Commonwealth v. Ribot
The Pennsylvania Superior Court has just held that police may testify to the use of pre-recorded buy money in confidential informant drug cases even where the police returned the money to general circulation after it was recovered, thereby losing it. In the case of Commonwealth v. Ribot, the Superior Court overturned the Philadelphia trial court’s order granting a defense motion in limine. The trial court's order precluded a police witness from testifying about the use and recovery of pre-recorded buy money in a drug case where police did not put the money, which had allegedly been used by a confidential informant to purchase drugs, into evidence after recovering it.
Confidential Informants and Pre-Recorded Buy Money
In Ribot, Philadelphia Police narcotics officers arranged for a confidential informant to purchase heroin from the defendant. In these types of cases, the police officers will usually take some steps to record the serial numbers of the bills used to buy the drugs prior to having the CI make a purchase of narcotics. This way, when police arrest a suspect or execute a search warrant, they will have a stronger case of Possession with the Intent to Deliver against the person who is found in possession of the previously recorded buy money because the officers will testify that that person must have obtained the money from the Confidential Informant in exchange for drugs. Here, the officers entered the serial numbers of the bills into a computer database prior to giving the bill to the confidential informant. An officer then printed out a time stamped copy of the computer entry and circled the serial number of the bill which was to be used in that day’s narcotics surveillance.

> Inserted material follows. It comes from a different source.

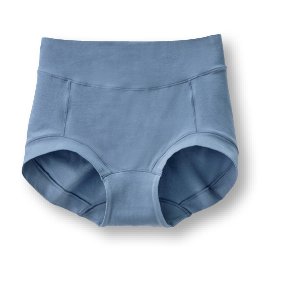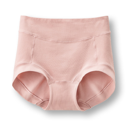 ウエストゴムを共生地で包み、肌に触れない仕様に。脚口は、折り返し仕様で締め付け感を軽減。

After “recording” the serial number of the bill in this manner, the police officer transported the CI to the street and sent the CI to buy heroin. The CI allegedly used the buy money to purchase heroin from the defendant, and the CI turned that heroin over to the police. The police then arrested the defendant and recovered the pre-recorded buy money. Instead of putting it on a property receipt and preserving it for trial, the police then put it back into circulation to use in future investigations.
Possession with the Intent to Deliver Charges
After being arrested and charged with Possession with the Intent to Deliver (“PWID”) of heroin, the defendant made a motion in limine to exclude any mention of the buy money at trial under the Best Evidence Rule and as a discovery sanction for the Commonwealth’s failure to preserve evidence. The Philadelphia trial court held a hearing, and the officer testified that it was normal police procedure for the police to get rid of the money and use it in other investigations. Of course, the defense attorney impeached the officer with police directives which require that the money be preserved for trial.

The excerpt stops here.